Carnegie Mellon University
May 22, 2025

Faculty Spotlight: Weijing Tang

By Stefanie Johndrow

Weijing Tang is an assistant professor in the Department of Statistics & Data Science whose research focuses on developing statistical methodology and theory for analyzing massive and complex data from interdisciplinary research.

Tell me about your scholarly work.

My recent research focuses on developing latent variable models and theory to understand data with complex dependency structures. By embedding observed data into an unobserved latent space, we gain the flexibility to provide interpretable insights into observed dependencies and so as to uncover hidden patterns that can guide further analysis. Along this line, I have been working on applications involving network data and electronic health records.

In network analysis, data points are not isolated; instead, they are connected by edges representing relationships, such as friendships in social networks. The formation of these relationships between nodes is highly dependent. For example, two nodes sharing many common neighbors are more likely to be connected. My research develops new statistical methods and theory to analyze real-world complex and heterogeneous network data to understand their formation mechanism.

In electronic health records (EHRs), many EHR features are highly granular and redundant due to the complicated clinical coding systems. Latent variable models naturally embed features with similar semantic meaning into nearby locations in the latent space, which leads to interpretable knowledge discovery from the massive EHRs.

How is your scholarly work adding to the greater field? 

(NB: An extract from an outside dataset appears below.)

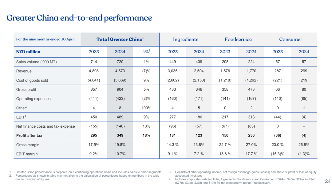 如今,中国市场占据了恒天然全球约三分之一的业务量。截至4月30日的2024财年前9个月,恒天然在华收入略有下滑,而利润和销量则实现了增长。

The statistical tools I develop for understanding the formation mechanisms behind complex data structures are essential for interpretable and effective data analysis. For example, while EHRs provide rich longitudinal patient information and complement clinical trial data for clinical research, EHR data are often messy. Differences in coding languages across health systems, version inconsistencies over time and feature redundancy bring challenges for downstream analysis. Mapping these EHR features into a universal low-dimensional latent space through latent variable models creates a more efficient foundation for data analysis and offers a transferable framework for integrative knowledge discovery. Similarly, for network data, our methods uncover interpretable structures within heterogeneous complex systems, which provide insights into social, health and behavioral dynamics.

How did you become interested in this topic?

I studied mathematics as an undergraduate, and during my Ph.D., I had the opportunity to collaborate closely with clinicians. It was a very rewarding experience: sitting down with domain experts, understanding the questions that matter to them, translating those into mathematical problems, and then bringing solutions back to the table. During the COVID-19 pandemic, this understanding became even more personal. Together with colleagues, I participated in a data challenge organized by the American Heart Association to assess the effectiveness of public health policies. That experience reinforced how powerful and necessary it is to use data and statistical tools to answer urgent questions in health and society.

What are you most excited to accomplish as a faculty member at CMU?

Looking ahead, I want to build an interdisciplinary research program that advances statistical methodology for uncovering interpretable patterns in complex data and for addressing important questions in the health and social sciences. CMU’s strong tradition of fostering interdisciplinary collaboration provides an ideal environment for this goal. I look forward to working with faculty across campus to tackle challenges at the intersection of human behavior, health outcomes and AI. So far, I have established collaborations with faculty members in psychology and computer science. I am eager to continue expanding these collaborations and to contribute to CMU’s vibrant interdisciplinary community.

What are your goals for the next generation of scholars?

I want to help students build strong technical skills and cultivate the ability to think critically about how methods can be adapted and applied across diverse domains. My goal is to support them in becoming not only excellent statisticians but also thoughtful, collaborative researchers, prepared to tackle complex challenges and make meaningful contributions across a variety of fields.